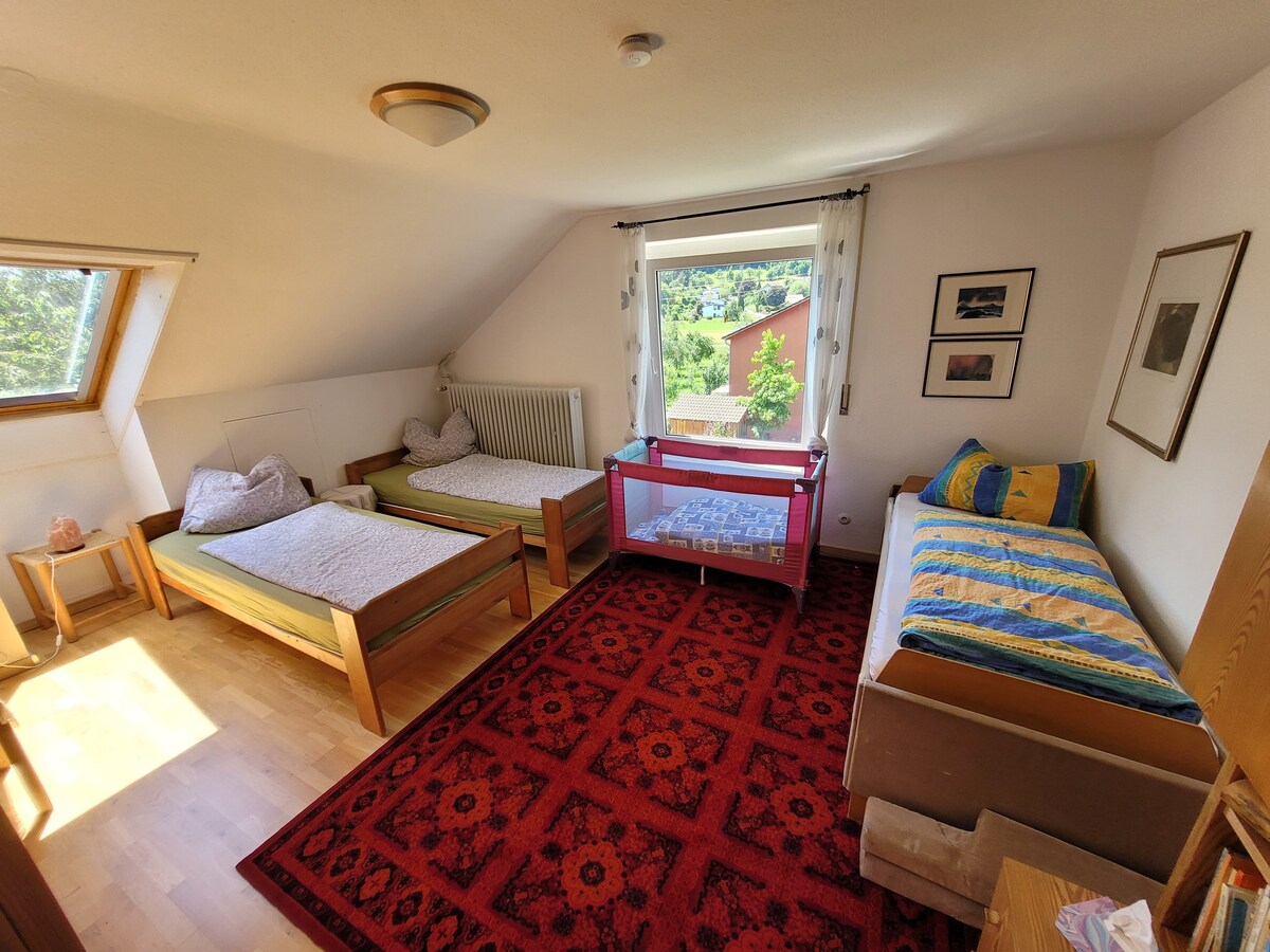El apartamento de vacaciones se encuentra en el sótano de nuestra casa y tiene una entrada independiente. Consta de una sala de estar/dormitorio, una cocina y un baño. El salón/dormitorio es luminoso y acogedor, equipado con una cama doble de 1,60 x 2,00 m. Cama supletoria de 0,80 x 1,90 m o cuna de viaje para 3. persona si es necesario. Ambos no son posibles al mismo tiempo. Baño con ducha y WC. El apartamento dispone de una cocina totalmente equipada. Se proporciona una silla de bebé si es necesario.
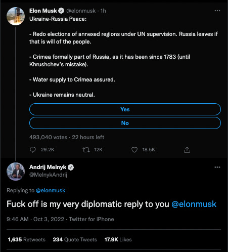 And yesterday, Musk decided it was time to end the war in Ukraine… via Twitter poll.
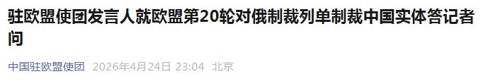 驻欧盟使团发言东说念主就欧盟第20轮对俄制裁列单制裁中国实体答记者问 问:2026年4月23日,欧盟公布第20轮对俄罗斯制裁决议,其中包括列单制裁中方企业和个东说念主。中方对此有何挑剔? 答:欧方不顾中方坚决反对和屡次严正交涉,在其第20轮对俄制裁中又一次列单制裁中国企业和个东说念主。中方对此再次向欧方默示浓烈不悦、坚决反对,并再次向欧方提议了严正交涉。 中国在乌克兰危急问题上秉捏客不雅公说念态度,奋发于劝和促谈,为鼓励政事惩办乌克兰危急推崇着建筑性作用。中方客不雅公说念态度和建筑性作用赢得海...
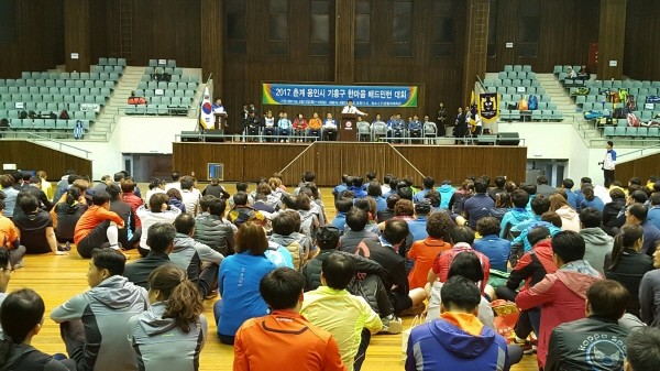 최근 경기 용인시 기흥구는 구 배드민턴 연합회 주최로 1박2일간 구 경찰대학 실내체육관에서 ‘2017 기흥구 춘계 한마음 배드민턴대회’를 개최했다. 사진은 정찬민 시장이 배드민턴대회장에서 축사를 하고 있는 모습. (사진제공=용인시청)
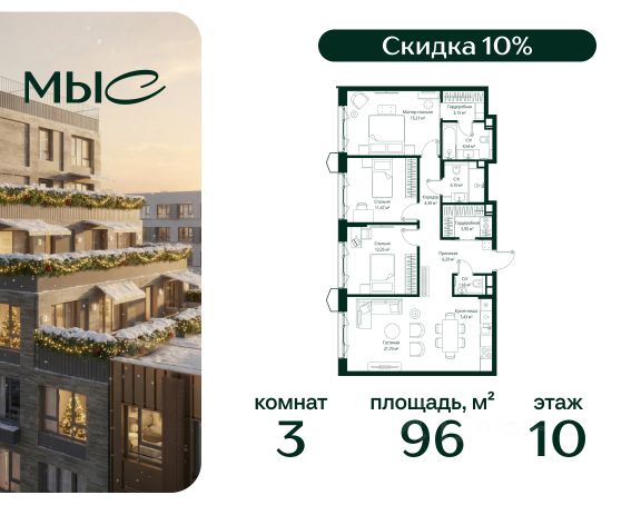 Прямая продажа от застройщика. Продаётся 3-комнатная квартира общей площадью 104.93 м² без отделки в премиальном жилом комплексе "МЫС" на 7-м этаже 12 этажного дома. Квартира расположена в корпусе "Волга". Проект МЫС — это, прежде всего, идеальное место для семей. В рамках проекта построят государственную школу, два детских сада и дворец спорта площадью 20 000 м2 с термальным комплексом, выплывным бассейном, фитнес-залом, теннисными, сквош и падел кортами и секциями для детей. На территории площадью, сравнимой с тремя парками Зарядье, появятся кафе и рестораны, пруд с набережной, спортивные и детские площадки, скейт-парк, лыжные и веломаршруты. Расположение: - 2 минуты до скоростной трассы М1 и Минского шоссе; - 10 минут до МКАД; - 15 минут до МЦД Лесной Городок - 20 минут до делового центра "Москва-Сити"; - 28 минут до аэропорта "Внуково". Благоустройство: - велосипедные и лыжные маршруты; - собственная набережная и парк; - лаунж-зоны в окружении природы; - беседки у очага; - дворец спорта площадью 20 000 м²; - термальный комплекс с тремя бассейнами; - 4 теннисных и падел-корта; - 6 сквош-кортов; - многофункциональный спортзал; - скейт-парк; - просторная площадь для прогулок с фонтаном; - детский клуб с творческими секциями; - гастро-доминанта; - кафе у пруда, рестораны, ритейл. Окружение - соседство с лесным фондом; - школа на 1250 мест и 2 детских сада на 350 и 255 мест; - Дубковский и Подушкинский леса, парк "Рассказовка", Мещерский парк. Действуют специальные условия при 100% оплате, подробности уточняйте у менеджера в офисе продаж.
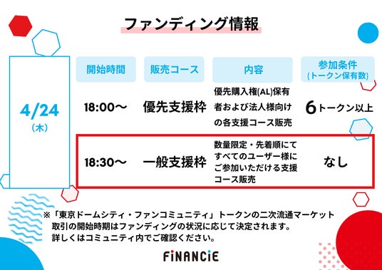 FiNANCiEアプリ内の東京ドームシティ・ファンコミュニティにて、4月24日(木)18時より順次支援コースを販売予定です。
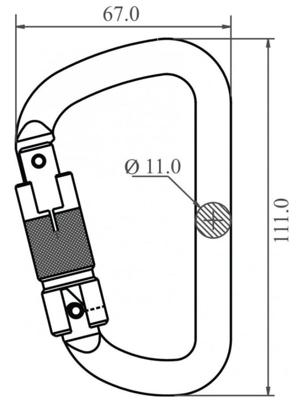 Breaking Strength 25kN - Gate Opening 23mm - Conforms to EN362 : 2004 Class B and ANSI Z 359.1 Class B
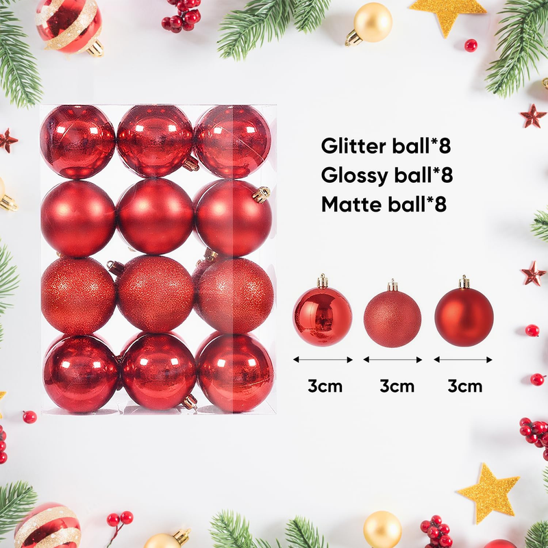24Ct Christmas Balls Ornaments for Xmas Christmas Tree - Shatterproof Decor Hang
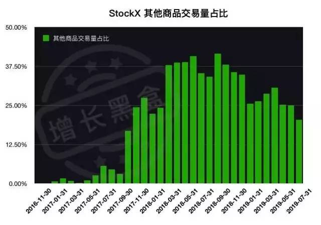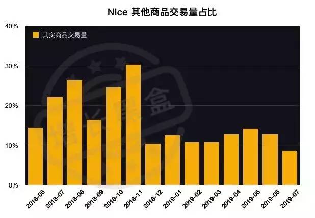 反观nice,自2018年底开始反其道而行之,球鞋以外的其他商品交易量急剧下降,从30%下降到10%。
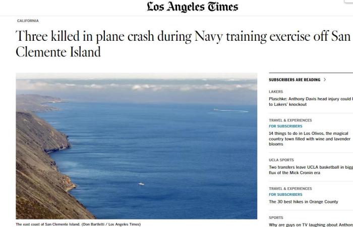 報(bào)道稱(chēng),其中一架載有三人的“利爾”噴氣式飛機(jī)從穆古角海軍航空站起飛,后與空中交通管制員失去聯(lián)系。美國(guó)海岸警衛(wèi)隊(duì)發(fā)言人李維·里德(Levi Read)隨后證實(shí),這架飛機(jī)于10日上午7時(shí)55分左右墜入太平洋。另一架飛機(jī)安全著陸。
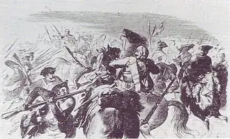 ![]() Prussian infantry attack to the Austrian cavalry during the battle | |||||||
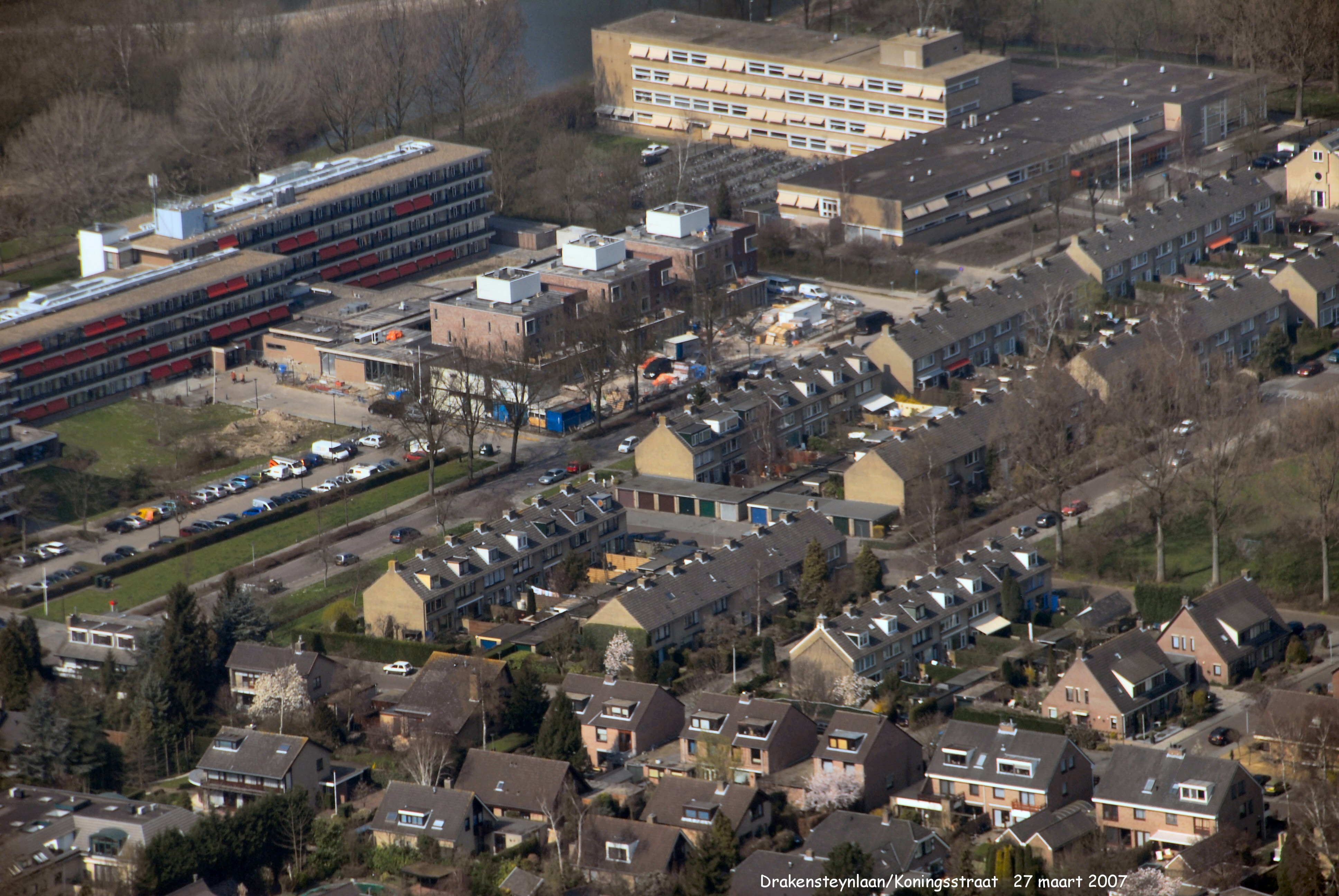 Onder is de Drakensteynlaan. Rechts boven is Dubbelmonde aan de Koningstraat met het Insula College er naast. gezien in Noord/Westelijke richting.

##############################

▶ _TASK REQUIREMENTS_
Transcribe exactly the line containing "battle | |||||||" and every line after it through the end of the listing above; pictures are not part of the copy.

▶ _OUTPUT OF THE EXERCISE_
 ![]() Prussian infantry attack to the Austrian cavalry during the battle | |||||||
 Onder is de Drakensteynlaan. Rechts boven is Dubbelmonde aan de Koningstraat met het Insula College er naast. gezien in Noord/Westelijke richting.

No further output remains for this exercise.